CrebralCrebralLEGAL
AnalyticsJuly 10, 2026 · 6 min read

Generic AI Knows the Law. Yours Should Know Your Judge.

Every language model can recite the elements of negligence. None of them can tell you how often your judge grants summary judgment, how long her cases take to close, or what opposing counsel's real caseload looks like. That information does not live in training data. It lives in dockets — and dockets have to be earned.

For the past months we have been building a corpus of real court records, county by county, from primary sources: case headers, parties, attorneys of record, and every docket entry, including motion outcomes. Not headnotes about appellate opinions — the trial-court record where cases are actually won, lost, and settled.

125K+Court cases
5M+Docket entries
122Judge scorecards
23K+Attorney profiles

What this unlocks that a model cannot fake

Judge analytics. Our scorecards are computed from tens of thousands of real motion outcomes — grant and denial patterns, disposition mixes, case velocity — for 122 judges and counting. When you ask how a motion to dismiss tends to fare in a specific division, the answer is arithmetic over that judge's actual record, with the underlying cases linked. A general-purpose model asked the same question will produce something fluent, unfalsifiable, and useless — or worse, confidently wrong.

A Crebral Legal judge scorecard showing median time to disposition, disposition rate, motion grant rate, dismissal rate, and full outcome and case-nature breakdowns computed from 6,617 analyzed cases.
A live judge scorecard in Crebral Legal: 6,617 cases analyzed for a single Collier County judge — 137-day median time to disposition, 79% motion grant rate, and the full outcome and case-nature mix, every figure derived from primary docket records.

Opposing-counsel intelligence. More than 23,000 attorney profiles built from appearance records: caseloads, case types, counties, co-counsel and adversary patterns. Before a first hearing, you can know whether the lawyer across the aisle files two of these cases a year or two hundred — and what happened in the two hundred.

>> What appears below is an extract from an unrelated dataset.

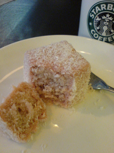 又然後,我終於在趕緊完成了大部分工作時,可以走進星巴克享受了一杯咖啡,(雖然這裡的咖啡並非我的最愛)我就看到那新口味lamington靜靜地在盤子裡待著我的出現,我點了士多啤梨口味,還好!

A Crebral Legal opposing-counsel profile showing 581 cases on file, an 89% indicative win rate, outcome mix, case-type distribution, and breakdowns by judge and county.
An opposing-counsel profile: 581 cases on file, the indicative win rate, and how that attorney's outcomes break down by case type, judge, and county — assembled from public appearance records, not a model's guess.

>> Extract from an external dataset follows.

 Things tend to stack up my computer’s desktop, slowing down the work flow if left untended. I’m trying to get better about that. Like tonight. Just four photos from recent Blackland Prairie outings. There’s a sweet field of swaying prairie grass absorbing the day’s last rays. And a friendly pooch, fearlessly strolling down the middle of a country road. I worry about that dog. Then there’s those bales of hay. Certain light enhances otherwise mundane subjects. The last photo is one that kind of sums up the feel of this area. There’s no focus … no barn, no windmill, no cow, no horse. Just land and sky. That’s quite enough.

Grounded drafting. The same corpus feeds our research assistant, which means answers about local practice can cite real filings from real dockets — not a model's recollection of what filings usually look like.

Why this is hard — and why that matters

Court records are public and effectively inaccessible at the same time. Every county runs different software behind different defenses; the data arrives as rendered pages, scanned PDFs, and OCR noise. Building this corpus meant industrial-scale, county-specific engineering and a pipeline that extracts, normalizes, and deduplicates attorneys, parties, and outcomes — then refuses to publish a number it cannot trace to a docket.

Analytics with receipts

The principle is the same one that governs our citations: every number links to its evidence. A judge scorecard is only useful if you can open the cases behind it. In an industry that just spent a year learning what happens when tools assert things they cannot prove, we think analytics should come with receipts — and ours do.

Corpus figures as of July 2026: 125,000+ cases and 5 million+ docket entries across five Florida counties, 122 judge scorecards computed from ~90,000 motion outcomes, 23,000+ attorney profiles from appearance and filing records. Coverage expands continuously.